Phoroncidia puketoru
- Conservation status: Data Deficient (NZ TCS)

Scientific classification
- Domain: Eukaryota
- Kingdom: Animalia
- Phylum: Arthropoda
- Subphylum: Chelicerata
- Class: Arachnida
- Order: Araneae
- Infraorder: Araneomorphae
- Family: Theridiidae
- Genus: Phoroncidia
- Species: P. puketoru
- Binomial name: Phoroncidia puketoru (Marples, 1955)
- Synonyms: Ulesanis puketoru

= Phoroncidia puketoru =

- Authority: (Marples, 1955)
- Conservation status: DD
- Synonyms: Ulesanis puketoru

Species of spider

Phoroncidia puketoru is a species of cobweb spider that is endemic to New Zealand.

==Taxonomy==
This species was described in 1955 by Brian John Marples from male and female specimens. It was moved to the Phoroncidia genus in 1983. The holotype is stored in Otago Museum.

==Description==
The male is recorded at 1.42mm in length whereas the female is 1.68mm. The body is mostly dark brown.
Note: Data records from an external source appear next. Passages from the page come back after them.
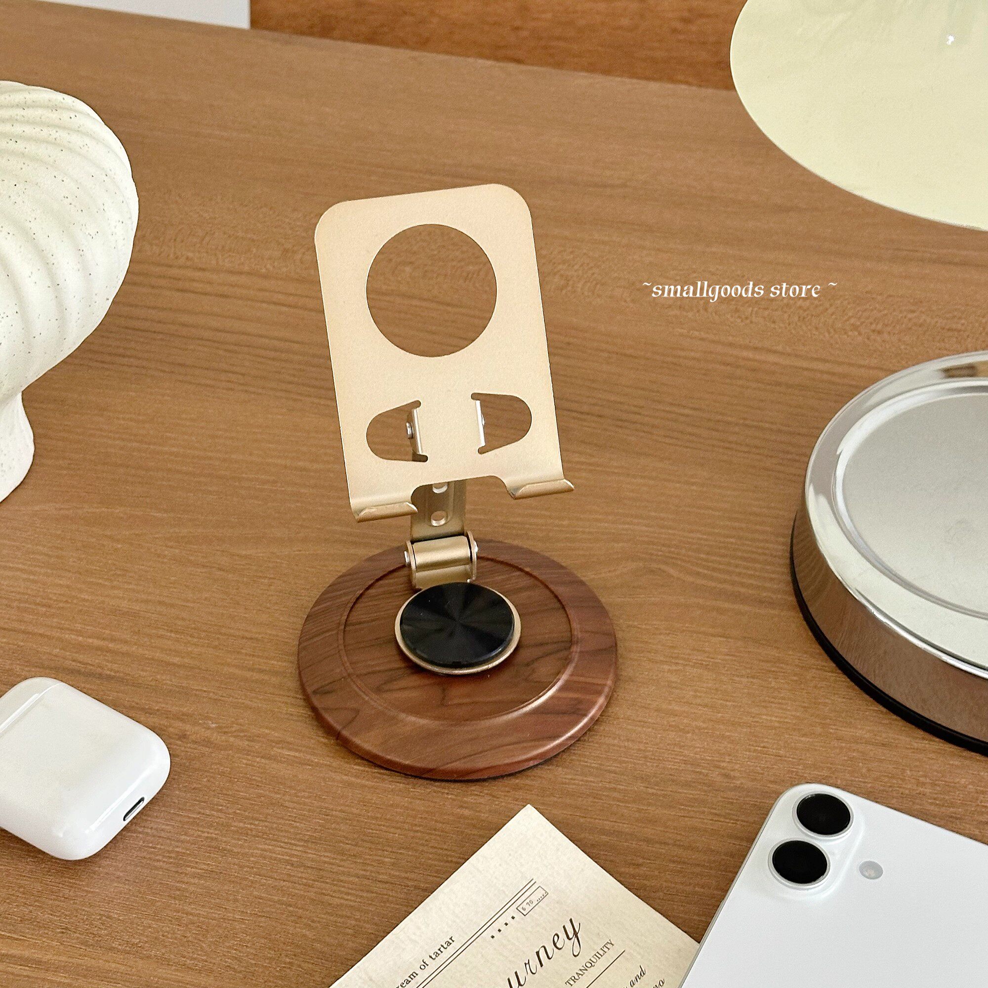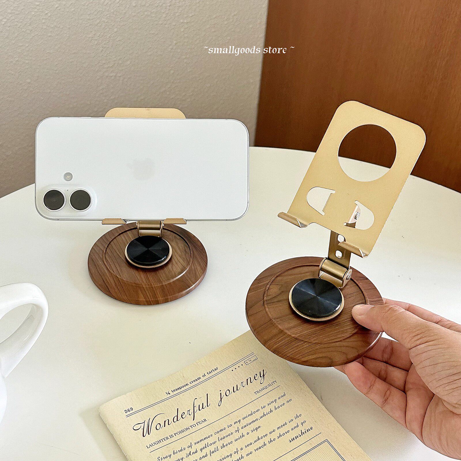 【金属复古木纹】手机支架桌面2026新款ins高级感懒人支架平板ipad桌面360度旋转手机追剧支架直播支架
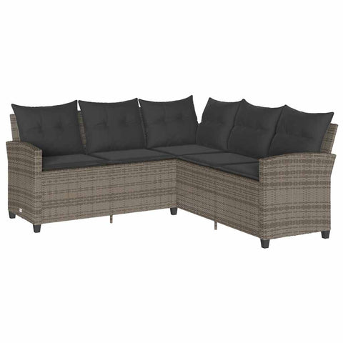 6-tlg. Garten-Sofagarnitur mit Kissen L-Form Grau Poly Rattan
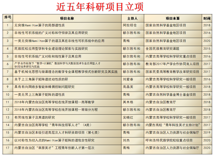 研精殚思,硕果累累。近五年,该专业团队成员先后获批国家自然科学基金项目3项、全国民族教育研究课题1项、教育部协同育人项目1项、自治区人才项目2项、自治区自然科学基金项目2项和其它省部级教学科研项目20多项;在《中国科学》《数学学报》《journal of mathematical analysis and applications》等国内外刊物上发表学术论文70多篇,其中SCI收录30多篇;出版教材和专著5部;邀请中国科学院张恭庆院士等国内外专家学者40余人次,组织参加各类教学科研会议50余人次,承办第八届非线性数学物理国际会议暨全国第十五届可积系统学术研讨会(2019年)等会议。2019年,数学学科获批为国家民委重点学科。
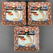 Serie van drie vierkante Japans porseleinen borden met vogeldecor -kleine chips-, 21 x 21 x 3,5 cm
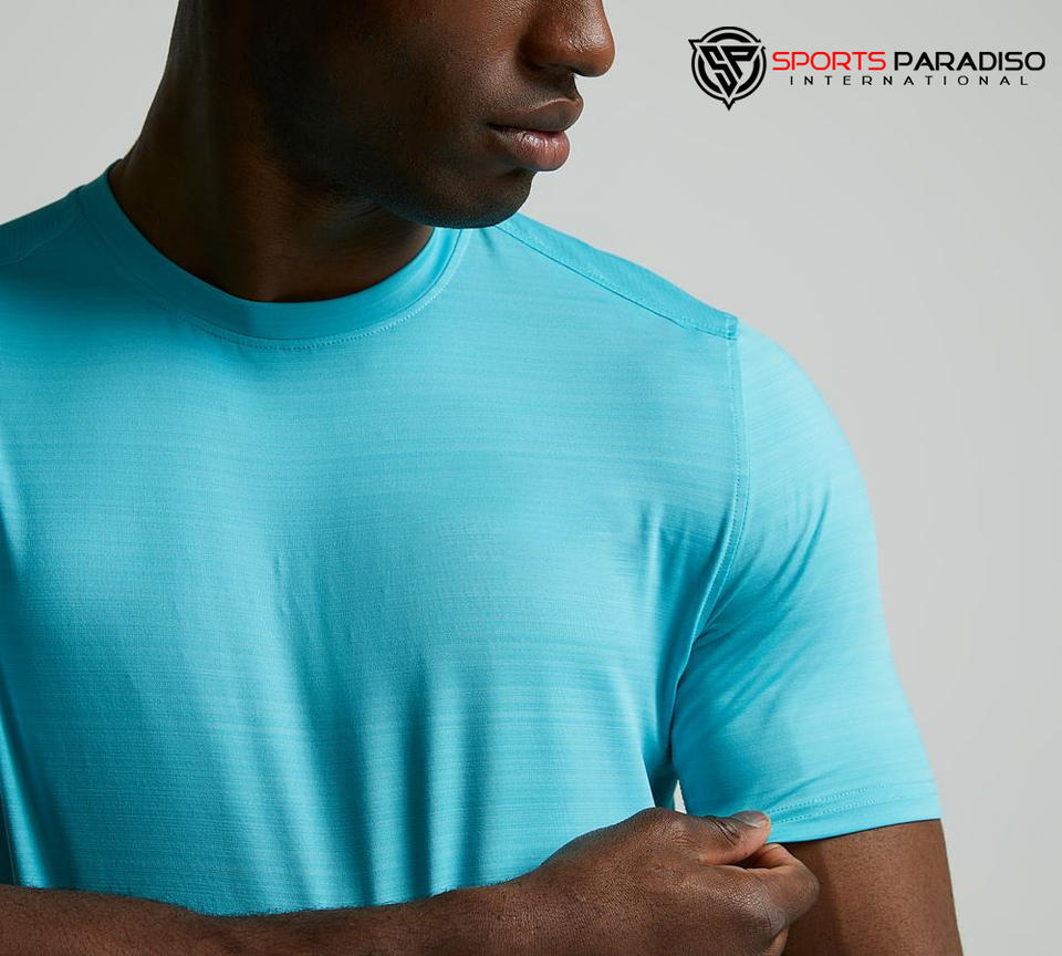 เสื้อยืดยิมแห้งเร็วของผู้ชายเสื้อกีฬาระบายอากาศได้ดีแบบปกตินิ่มสำหรับฝึกกล้ามเนื้อ
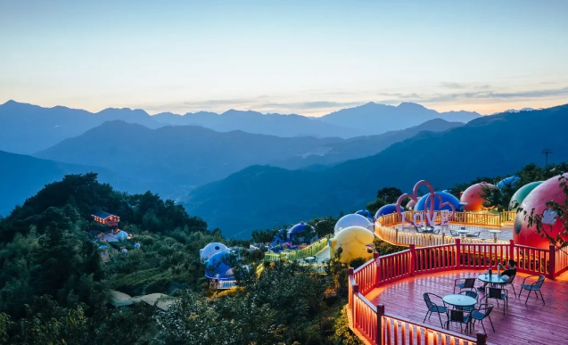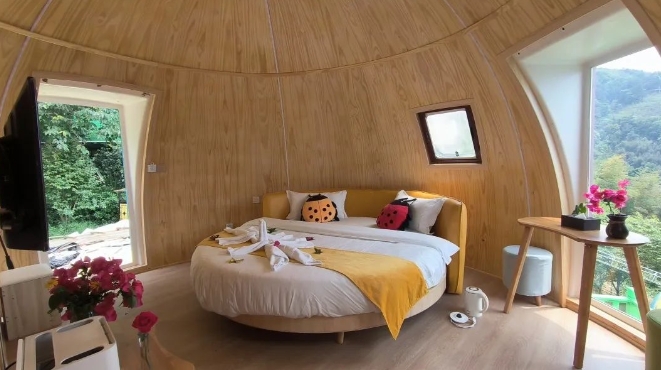 前往【七星瓢虫露营基地】在青山绿水间,红的、白的、蓝的、黄的…..七星瓢虫屋点缀其中,给绿色的山林增添 了许多活力,仿佛这里就是七星瓢虫温暖的家。
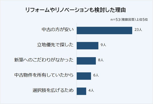 また住みたいエリアが限定されている場合、購入できる土地や建売が限られて見つけにくいこともあるので、選択肢を広げるために中古を検討した人もいました。
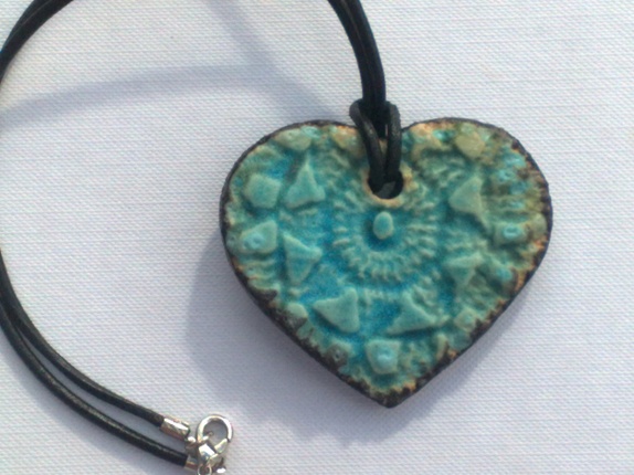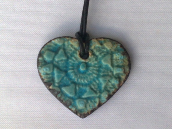 Håndlaget hjerte er laget i keramikk.Glasert i fargen turkis.
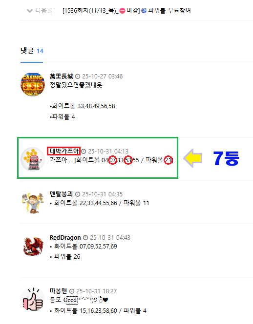 • 1536회차(2025년11월13일_목) 파워볼 당첨자 | ||||
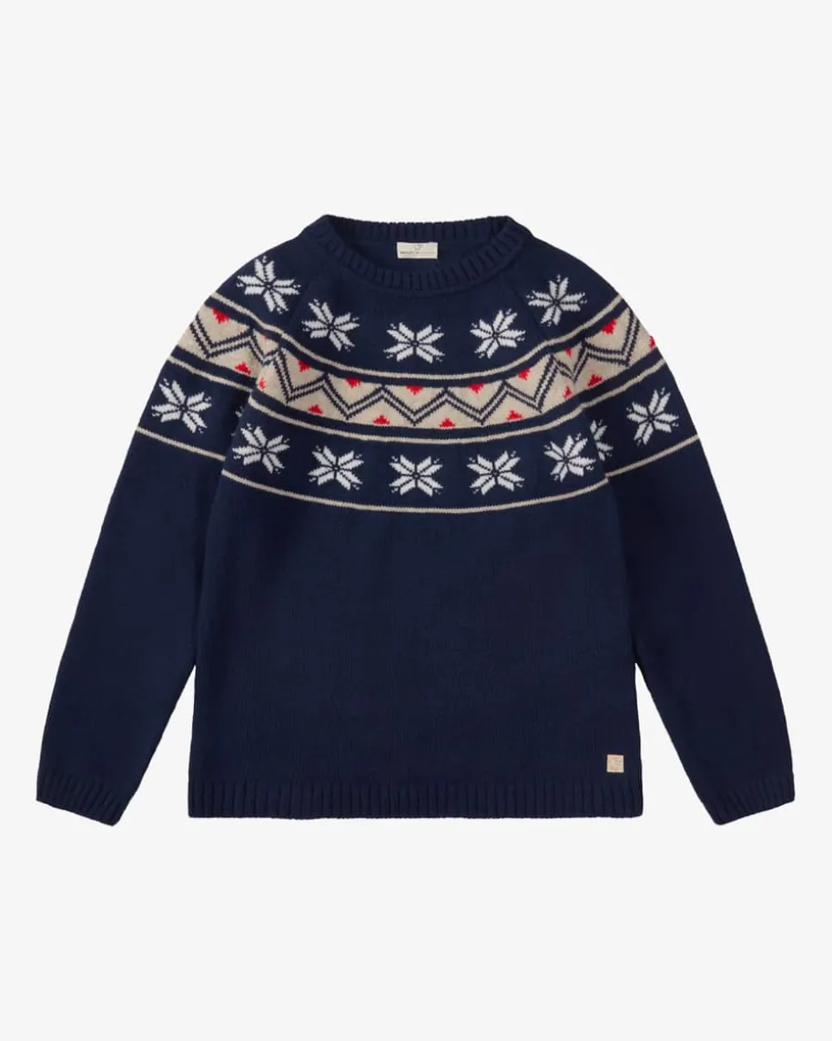 Pullover für Kinder von Maglificio di Verona in Navy. Das Modellüberzeugt dank hochwertiger Schurwoll-Qualität, während das traditionelleNorweger-Strickmuster einen winterlichen Style kreiert.
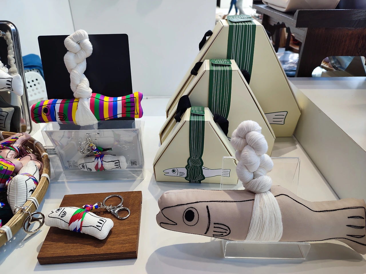 액막이 명태 키링. 제품설명은 파리에서 활동하는 강상미 작가님이 해주셨다. 눈이 빨개서 여쭤보니 엄청 피곤하시다고.. 그도 그럴 것이 현재 한국에서 작가님 전시가 진행 중이다.
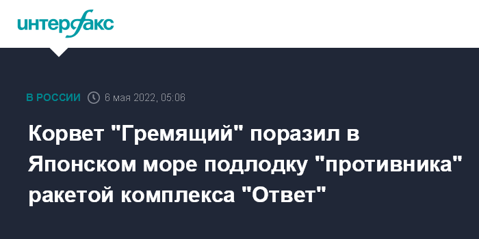 Москва. 6 мая. INTERFAX.RU - Корвет "Гремящий" Тихоокеанского флота (ТОФ) успешно произвёл пуск ракеты противолодочного комплекса "Ответ" по подводной учебной цели в акватории Японского моря, отрабатывался удар по субмарине потенциального противника.
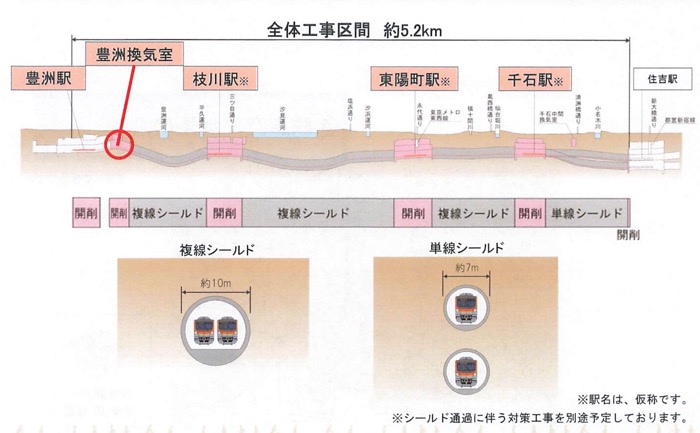 現時点でわかっていることは、すぐお隣に誕生する枝川駅(仮)など新駅は地上から地中を掘っていく開削工法で作りますが、駅と駅との間の列車が通るトンネルはシールドマシンを使ったシールド工法で地中を水平方向に掘りながら作ります。
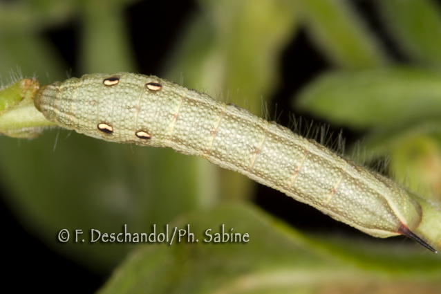 : Grand Sphinx de la Vigne (Deilephila elpenor), chenille 3ème stade, forme olive, Rogerville (76), France.

The abdomen has mottled patches of pale cream.

==Distribution==
This species is known from scattered localities throughout New Zealand.

==Conservation status==
Under the New Zealand Threat Classification System, this species is listed as "Data Deficient" with the qualifiers of "Data Poor: Size" and "Data Poor: Trend".